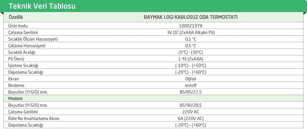 BAYMAK LOGI KABLOSUZ ODA TERMOSTATI
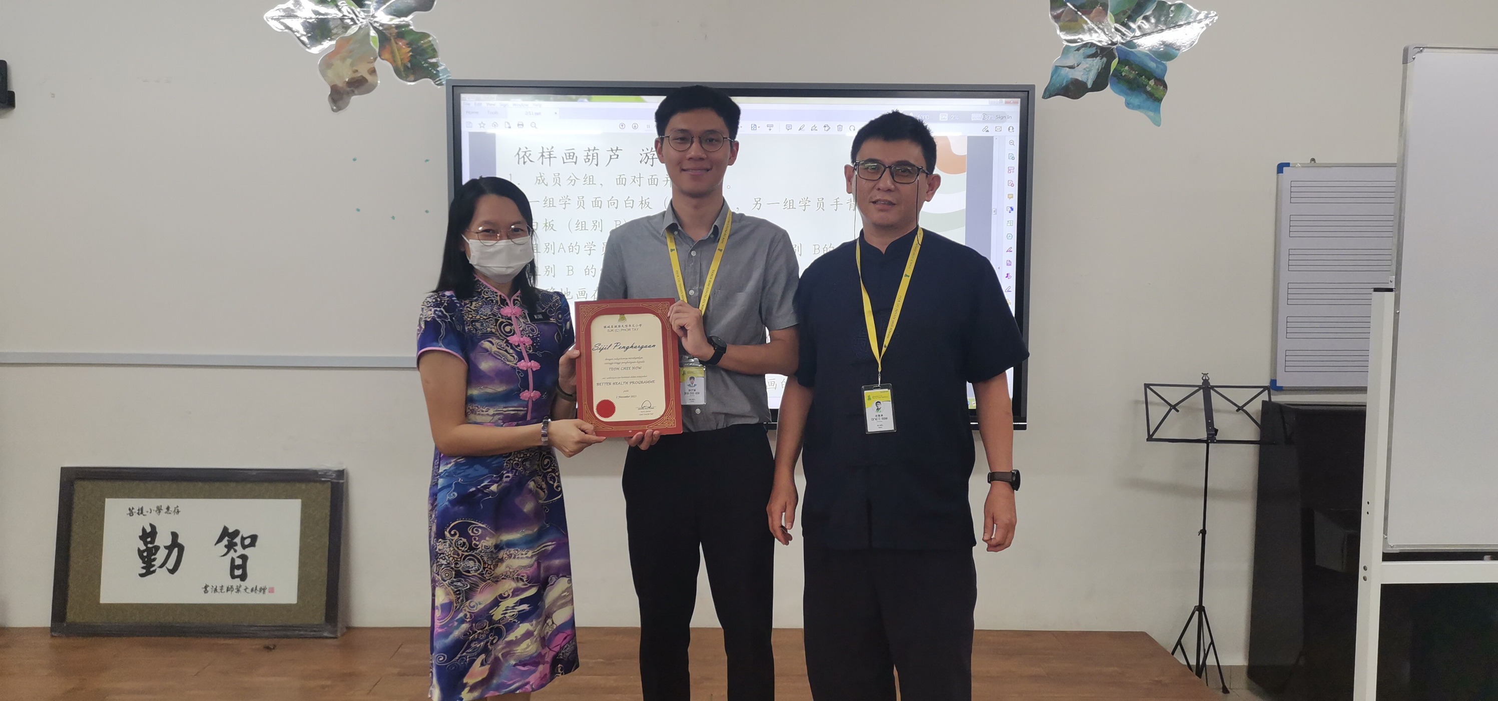 本校辅导老师张子镐到菩提小学给五、六年级学生做辅导讲座,主讲主题包括情绪管理、自我肯定和沟通技巧。
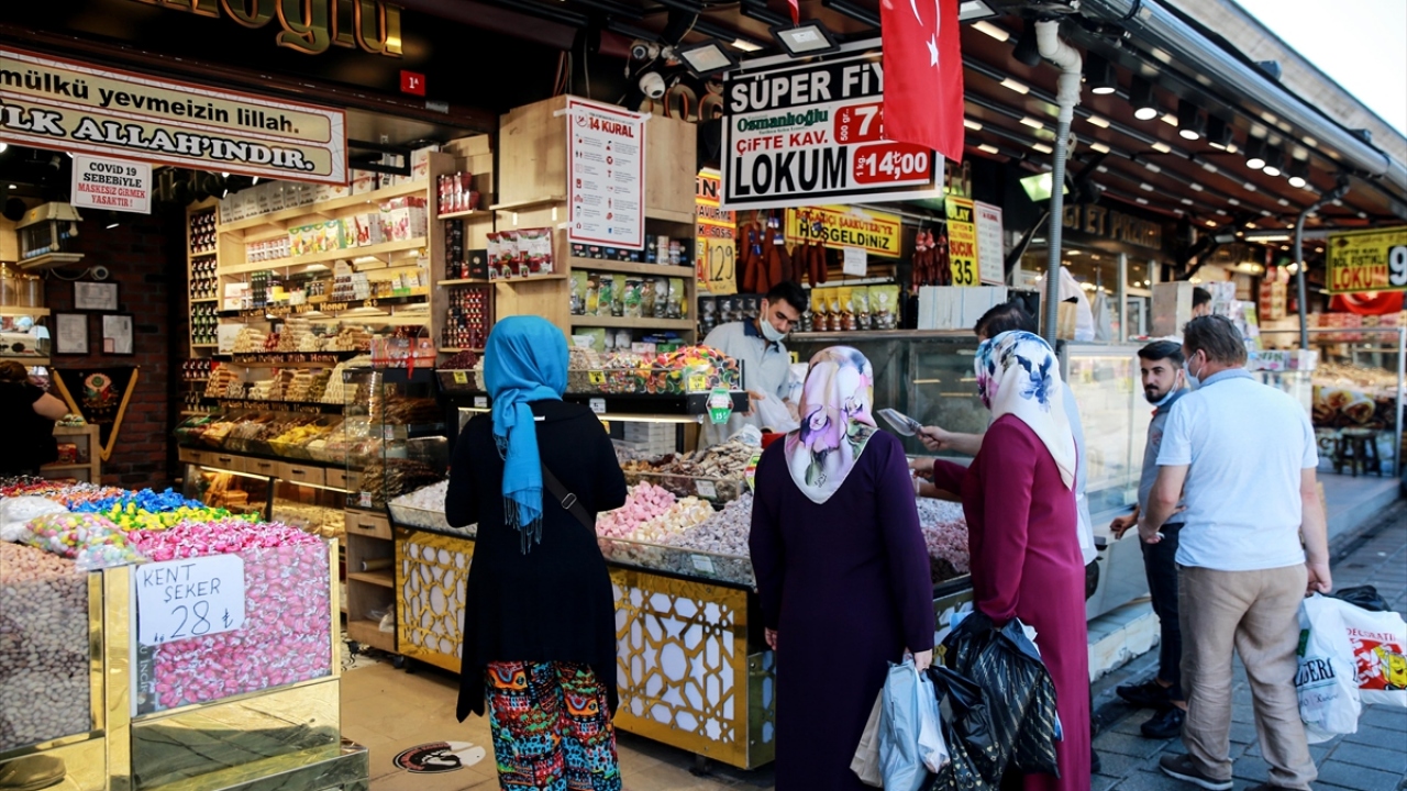 Vatandaşların bayram alışverişi için lokum, şeker ve kuru kahve satın aldığı gözlendi.
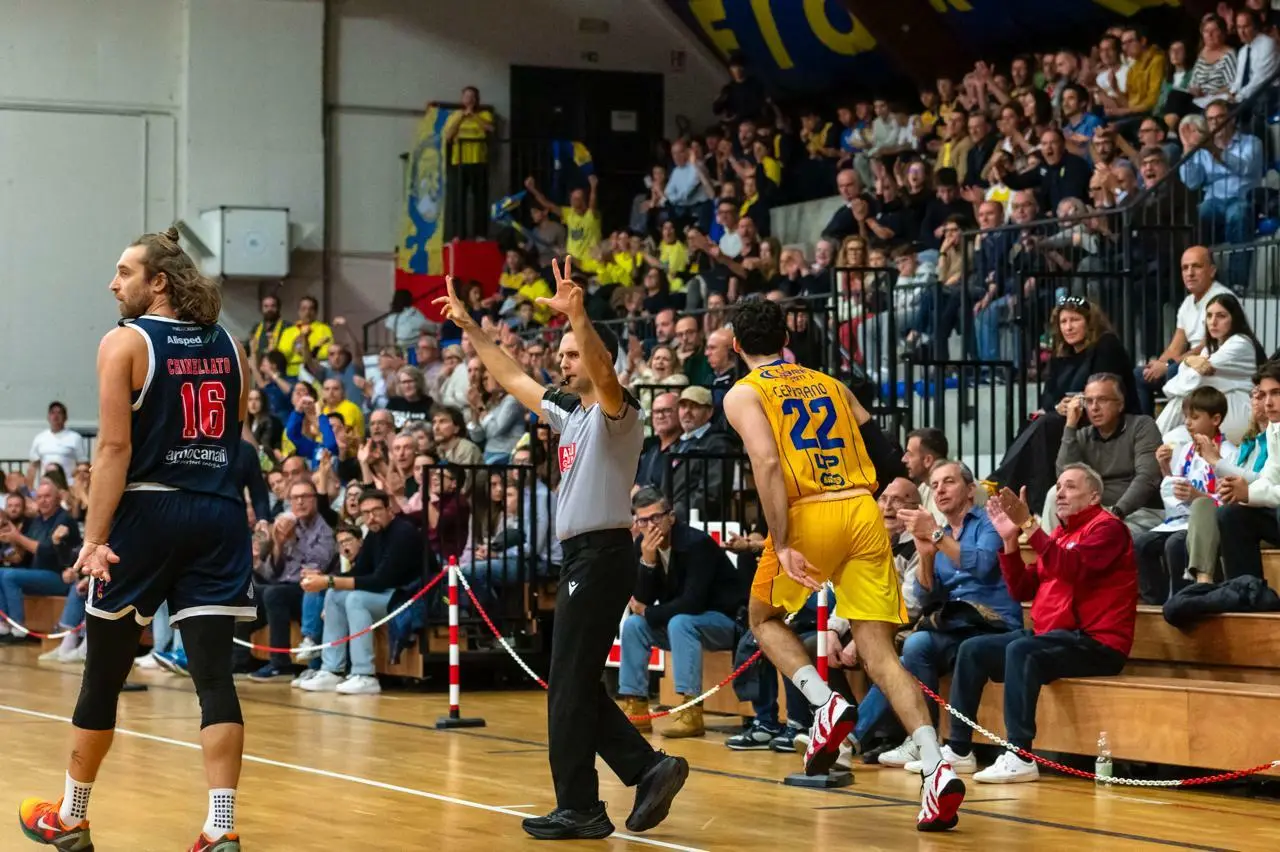 Biorac con il rimbalzo offensive e lay up anima il PalArquato, con Ambrosetti che con il palleggio, arresto e tiro impatta nuovamente in parità.

※

-- Exercise --
Give back the full listing exactly, with pictures dropped.

-- Reply --
 BAYMAK LOGI KABLOSUZ ODA TERMOSTATI
 本校辅导老师张子镐到菩提小学给五、六年级学生做辅导讲座,主讲主题包括情绪管理、自我肯定和沟通技巧。
 Vatandaşların bayram alışverişi için lokum, şeker ve kuru kahve satın aldığı gözlendi.
 Biorac con il rimbalzo offensive e lay up anima il PalArquato, con Ambrosetti che con il palleggio, arresto e tiro impatta nuovamente in parità.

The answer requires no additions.